Thin film field-effect transistor is the basic device of modern microelectronics and is nowadays used more than a billion times on every state-of-the-art computer chip. In the future, this rigid technology will be complemented by flexible electronics produced at extremely low cost. With modern materials having hole mobilities of >40 cm²(Vs)‾¹ and electron mobilities of >5 cm²(Vs)‾¹, OTFTs are competing with a-Si films and have the potential to be the basic device for cheap, flexible electronics. However, they still need much improvement. The ultimate goal of organic semiconductor science is to produce materials and devices of higher quality and stability. I believe that once we can fully understand the relationship between the molecular structure and charge carrier drift mobility, we can design organic semiconductors with mobilities comparable or even exceeding state of the art CMOS technology. The upper mobility limit for the pi-pi conjugated systems is set by well known data of nearly structurally perfect graphene sheet, which yields >15,000 cm²(Vs)‾¹ at room temperature. Another challenge , which has to be addressed, for the fabrication of the complementary integrated circuits is controlled doping of organic semiconductor. Comprehensive OTFT investigations performed so far almost exclusively use electrically undoped semiconductors and OTFTs with doped channels are rarely reported. Thus influence of molecular doping on OTFT performance and stability is poorly explored. Also, reliability of OTFTs remains one of the most challenging obstacles to be overcome for broad commercial applications. So called “bias stress” effect was identified as the key instability under operation for numerous OTFT devices and interfaces. Despite a multitude of experimental observations, a comprehensive mechanism describing this behavior is still missing. Furthermore, controlled methods to overcome these instabilities are so far lacking.

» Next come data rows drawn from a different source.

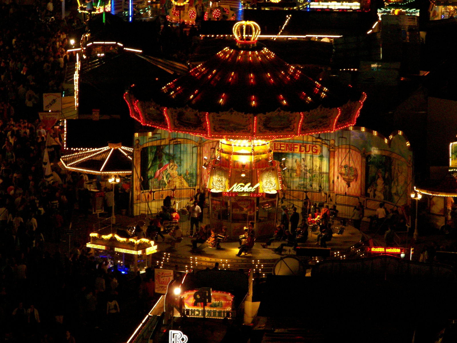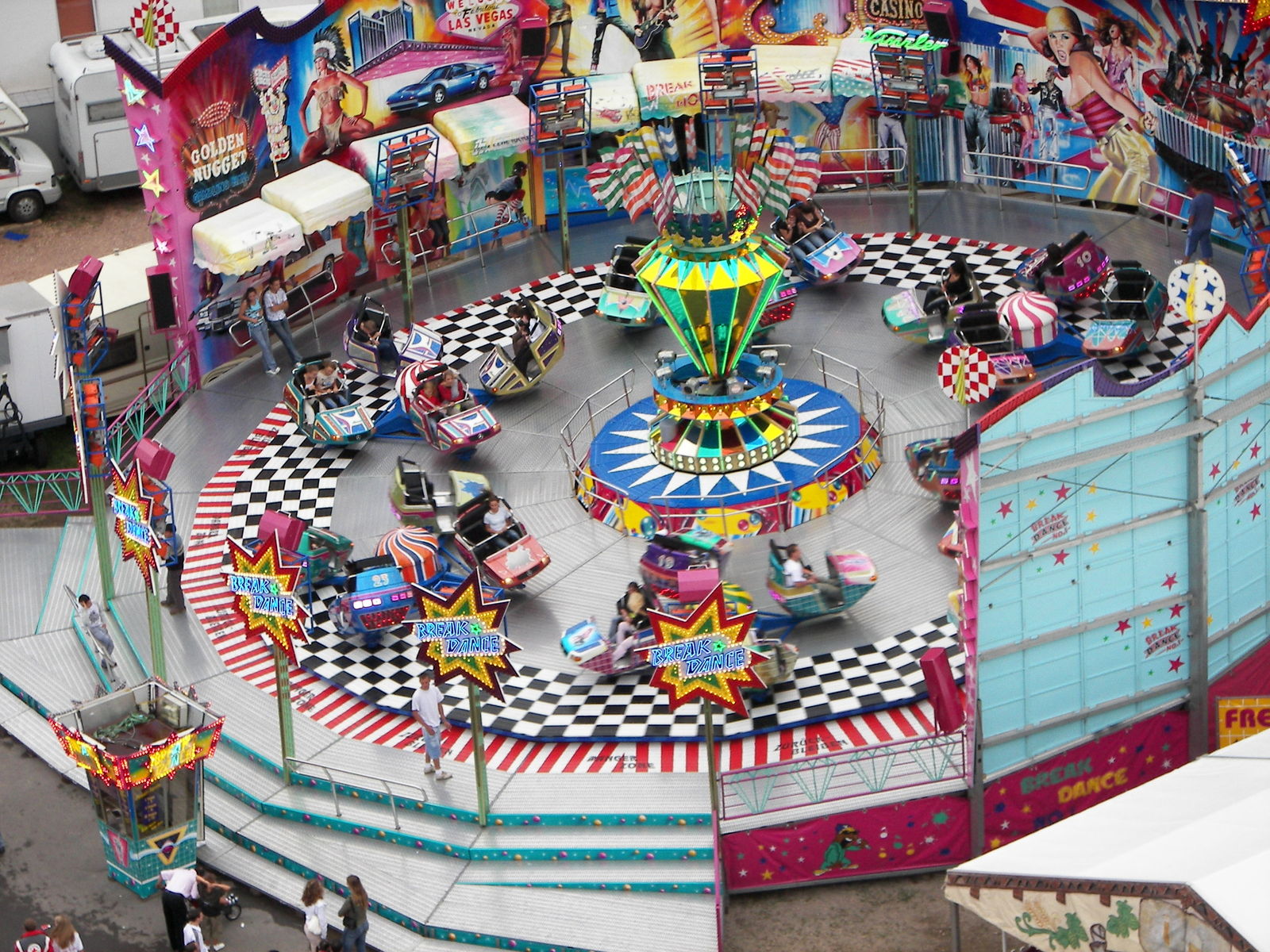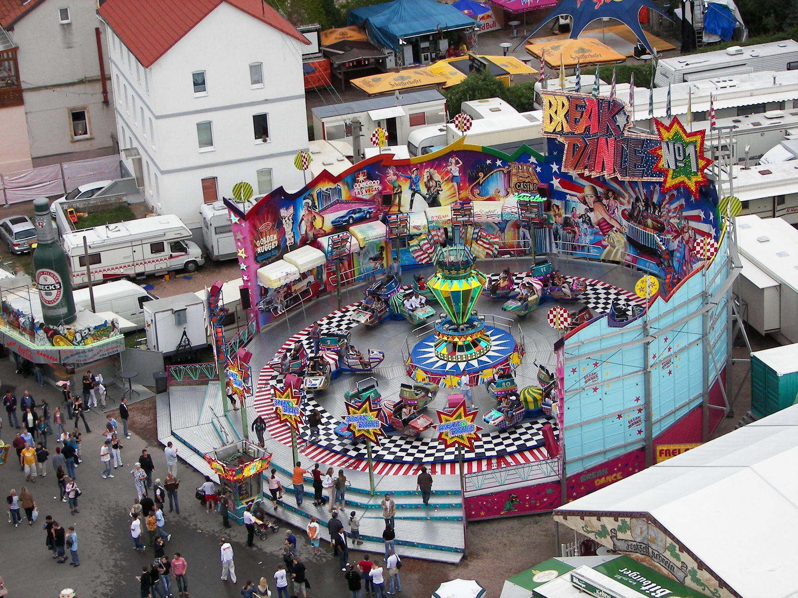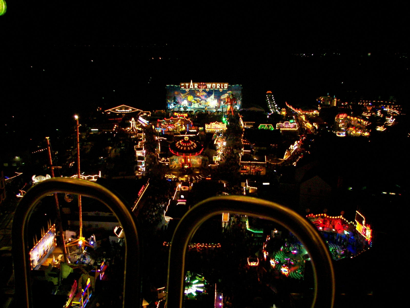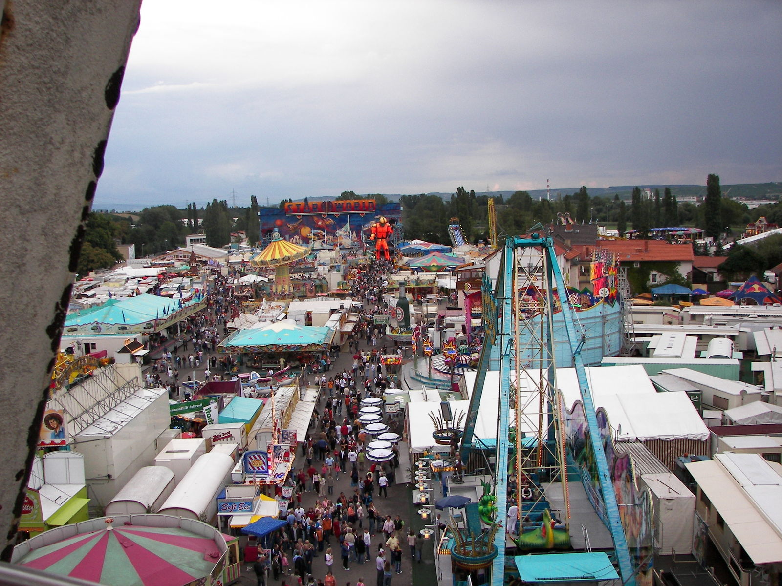 Das Europa Rad von Kipp, mit seinen 55 Metern, ist ideal, um einen Festplatz mit seinen Attraktionen, aus der Vogelperspektive einzufangen.
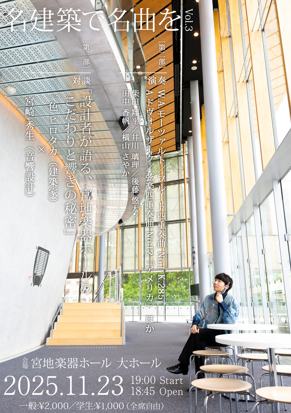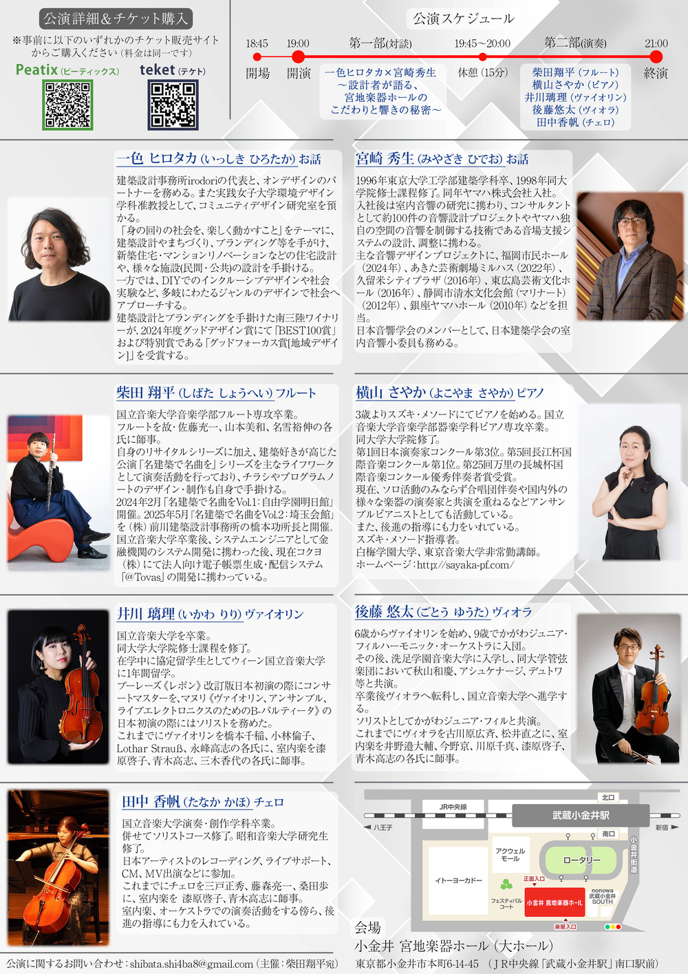 現在も建築の最前線で活躍されるお2人による対談と、そのこだわりの響きをじっくりと味わうコンサートが一体となった、贅沢な時間をお楽しみください。
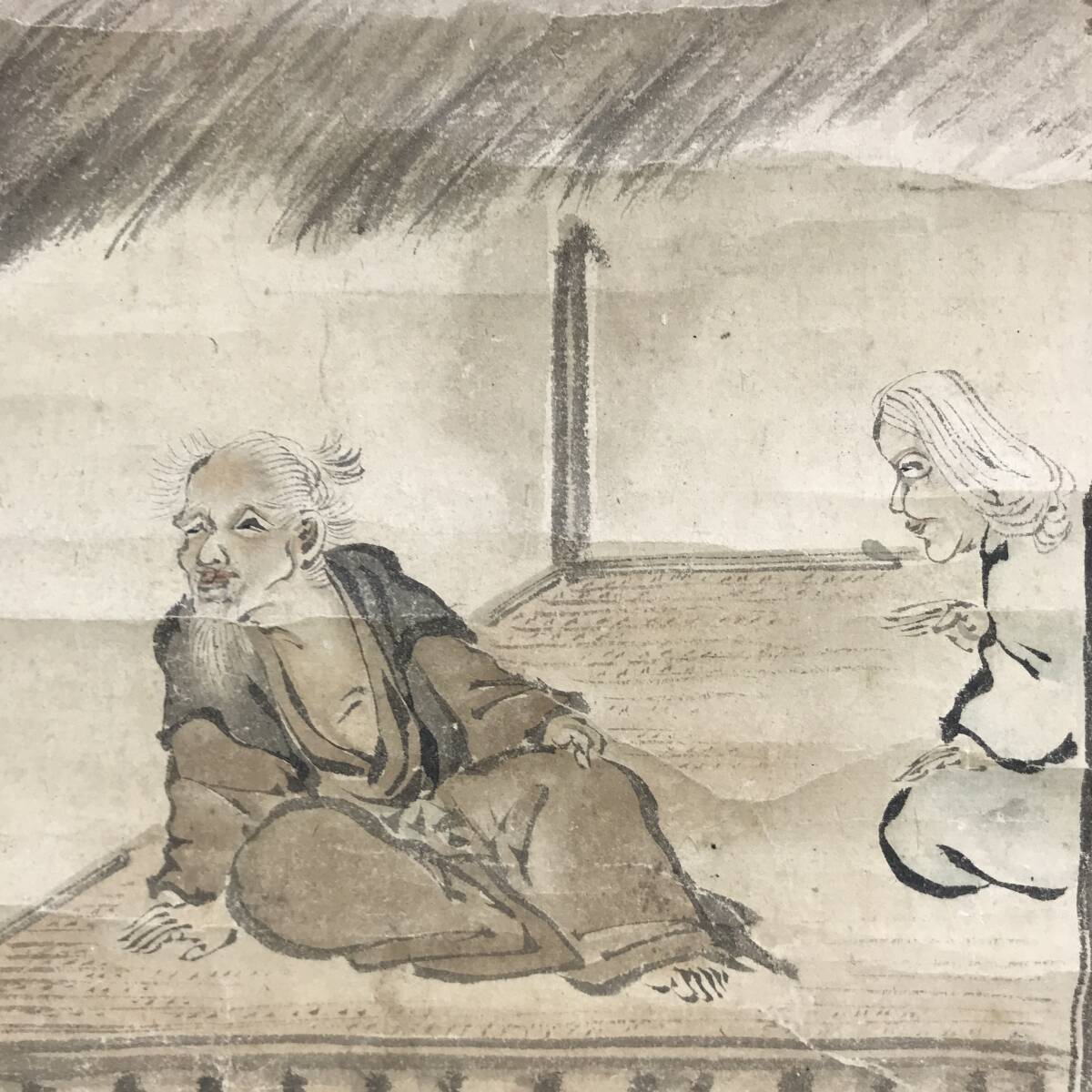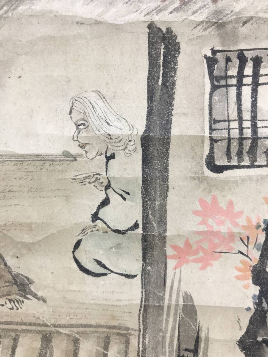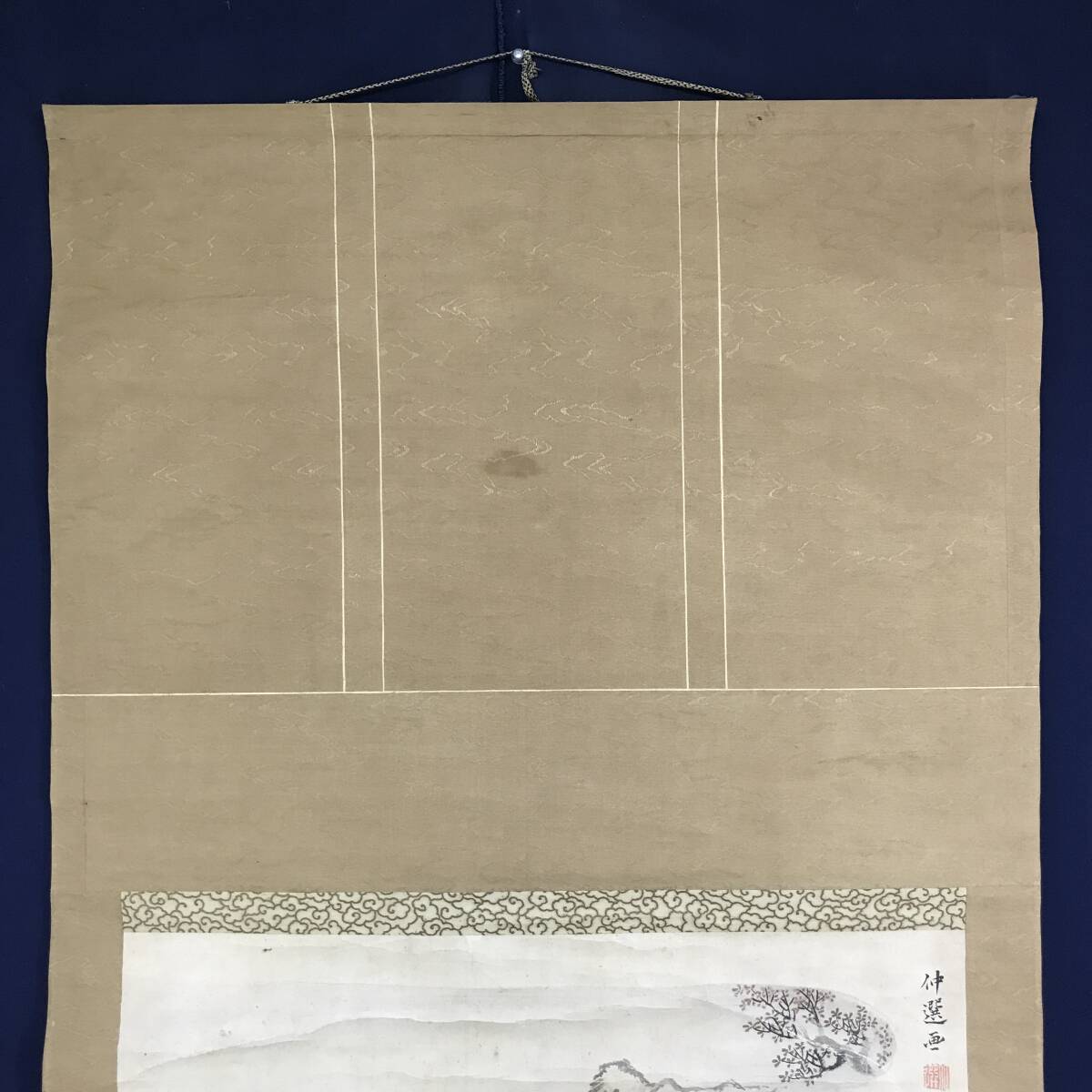 【作品状態】 本紙は紙本です。本紙は時代感あり、薄汚れ、全体に汚れシミ、全体に多数の折れ、シワあります。表装は薄汚れ、多少の汚れシミ、多数の折れ、巻シワあります。

We investigate physical and chemical mechanisms of molecular doping and its influence on OTFT devices performance. Controlled doping of semiconductors leads to highly reproducible transistors with precisely tunable device characteristics, which is witnessed by the success of inorganic metal-oxide-semiconductor field-effect transistors. Exploiting effective n-type OTFT channel doping for p-type carrier organic semiconductor pentacene, we have recently achieved first realization of organic inversion transistors. We also presented the approach to control and significantly alleviate the bias stress effect by using interfacial molecular doping at low concentrations.
We also apply organic semiconductor friendly Orthogonal Lithography technique to fabricate ultra-short channel OTFTs and OTFT based comprehensive integrate circuit devices.